Election Day — November 3, 2020 — is now 60 days in the past. In that time, Trump and his Republican allies have filed and lost at least 60 election-related lawsuits at all levels of the state and federal court systems alleging voter fraud and other improprieties — and they have failed to prove their case at every turn.
Recounts in battleground states like Georgia and Wisconsin — both won by Biden — have turned up no evidence of large-scale fraud or irregularities that could have affected the results of the election. And in all 50 states and Washington, DC, the election results have been carefully reviewed by state officials and certified as accurate.
In short, 60 days of intense scrutiny has turned up exactly zero reasons to believe the letter’s false claim that “the allegations of fraud and irregularities in the 2020 election” are worrying — and there’s no reason to believe that an “electoral commission” would turn up a different result.
That there have been allegations of fraud as never before is true, but as MSNBC’s Chris Hayes pointed out on Sunday, these have been misleading efforts led by Trump, and bolstered by his allies, like Cruz, to overturn the election’s rightful results.
Cruz and his allies cite the results of this effort in their statement Saturday that widespread belief in the existence of voter fraud — a sort of warped “where there’s smoke, there’s fire” argument — necessitates the creation of an election commission.
“Reuters/Ipsos polling, tragically, shows that 39% of Americans believe ‘the election was rigged’,” the group said Saturday. “That belief is held by Republicans (67%), Democrats (17%), and Independents (31%).”
That’s an accurate reporting of the poll’s results — but it does conveniently leave out the likely reason for that widespread belief.
In reality, the Republican base has been inundated with evidence-free voter fraud rhetoric from every corner of the right-wing universe — from Trump’s Twitter feed to Fox News to stump speeches by Republican senators — almost nonstop since Trump’s election defeat. There’s a direct line between Cruz’s rhetoric and the problem he diagnoses: As Hayes put it on Twitter, “They’ve spent months lying to people, telling them the election was stolen and now turn around and cite the fact that many people believe them as evidence!”

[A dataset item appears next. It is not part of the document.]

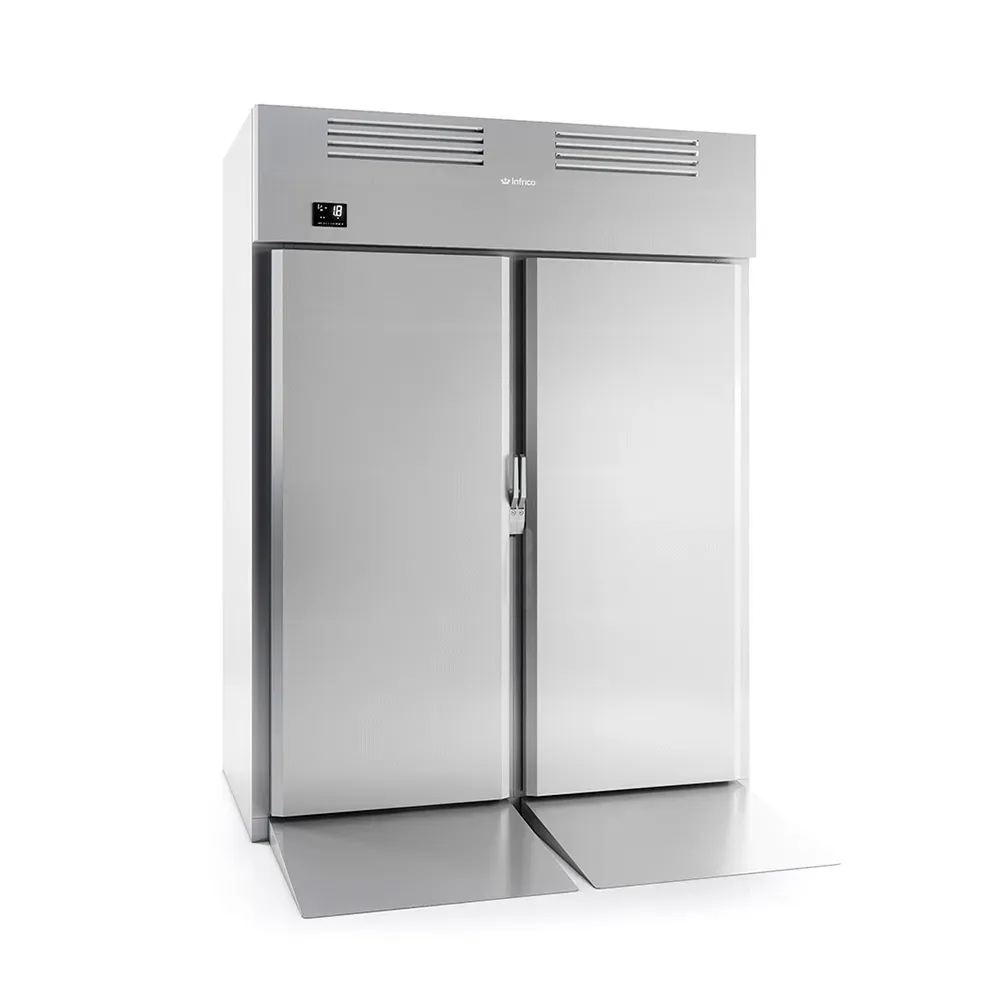 Optimize your refrigeration needs with Infrico's 2 Section Roll-in Refrigerator, accommodating carts within its 66-1/4" capacity. Featuring two doors, a 5/8 HP compressor, and drawing 12.3 Amps, this unit provides ample storage space with a temperature range of 33°F to 38°F.

Ultimately, Saturday’s statement is just the latest foray in a flailing Republican effort to keep Trump in office in opposition to the will of the people. Given that any challenge to certification can be dissolved by a majority vote, and that there are more than enough opponents to these challenges in both the House and Senate, Cruz’s plan seems unlikely to work.
Biden is poised to again be affirmed the next president on January 6 ahead of his January 20 inauguration. But if Cruz and his colleagues are as genuinely concerned about a “deep distrust of our democratic processes” that “poses an ongoing threat to the legitimacy of any subsequent administrations” as they claim, their own role in disrupting trust in the electoral process deserves review.